Many students come to the University of Miami with ambitions of making a difference in their local and global communities. The university has excelled in providing these students with the tools to solve real-world problems such as those facing the Haitian community. These tools include courses on international development theory and global public health, spring-break and summer excursions to developing nations, and faculty- and student-led research projects related to the causes of poverty. While these elements have been essential in students’ development as conscientious change-makers, the elements of language and culture in community participation had been mostly neglected until the appearance of the Haitian Creole language program at UM.
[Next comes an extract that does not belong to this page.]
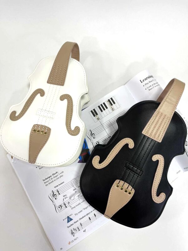 Αναδείξτε το μουσικό σας πάθος με αυτή τη μοναδική τσάντα σε σχήμα βιολιού! Φτιαγμένη από ανθεκτικό συνθετικό δέρμα, με προσεγμένες λεπτομέρειες που θυμίζουν πραγματικό όργανο, προσφέρει έναν ιδιαίτερο και vintage χαρακτήρα σε κάθε εμφάνιση.

The Haitian Creole language program educates future leaders and agents of public service to communicate effectively and respectfully with Haitians while making an effort to understand the many intricacies of their culture and the complexities of their history. The linguistic approach starts with an emphasis on pronunciation. Students’ proficiency in pronunciation serves as the base for future activities in reading, writing, listening, and speaking. All activities relate to the Haitian culture itself, and as students advance through the course, they learn to discuss complex topics such as social inequalities, cultural perceptions, and human rights in Haitian Creole. This course differs from other language courses in that it emphasizes the use of language not only to communicate but to create large-scale and long-lasting change. Students learn how Haitian Creole can be used as a tool in Haiti’s reconstruction and in the local Haitian community by encouraging the political participation of Haitians. The University of Miami, which through its extensive relief efforts and key location has a special relationship with Haiti, should be proud to sponsor this forward-thinking program.
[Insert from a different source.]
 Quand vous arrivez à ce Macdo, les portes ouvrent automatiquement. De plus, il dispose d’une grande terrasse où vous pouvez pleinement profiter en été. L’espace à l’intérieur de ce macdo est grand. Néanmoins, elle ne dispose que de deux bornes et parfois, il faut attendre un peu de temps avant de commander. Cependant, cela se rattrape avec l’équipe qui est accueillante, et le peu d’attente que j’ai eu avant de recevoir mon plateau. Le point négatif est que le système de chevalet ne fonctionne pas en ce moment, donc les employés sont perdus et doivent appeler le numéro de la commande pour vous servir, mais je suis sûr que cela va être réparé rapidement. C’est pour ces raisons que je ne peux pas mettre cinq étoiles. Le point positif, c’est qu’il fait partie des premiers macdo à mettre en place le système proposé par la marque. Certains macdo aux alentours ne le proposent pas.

I started learning Haitian Creole during its first semester at the University of Miami and was so pleased by my progress and intrigued by the Haitian culture that I enrolled in Creole II and Creole III. I had taken other foreign language courses before, but the Creole classes at UM were structured like none of these. The course content was shaped to the individual interests of the students, with some of us more interested in medical relief and others in politics and legal matters. I noticed that other students at the university were also intrigued by Haitian Creole, but many did not even know that it was offered. Haiti's predicament has been weighing on many students' minds since the earthquake in January 2010. Many students whom I know wish to engage in humanitarian service or become involved in international development, but they often choose to travel to Spanish-speaking countries because of their familiarity with the language. I believe that the Haitian Creole program at UM offers these students a great opportunity to become more intimately involved with Haiti and its reconstruction. Students in the course also learn that true progress is about involving the Haitian people in the building of their own future. This is a great chance for the university to show the community its concern with Haiti and its investment in training conscientious future leaders. Over the three semesters I studied Haitian Creole, I believe that my understanding of the world was made richer, and I'm truly grateful to my professor and to those who support the continuation of this program.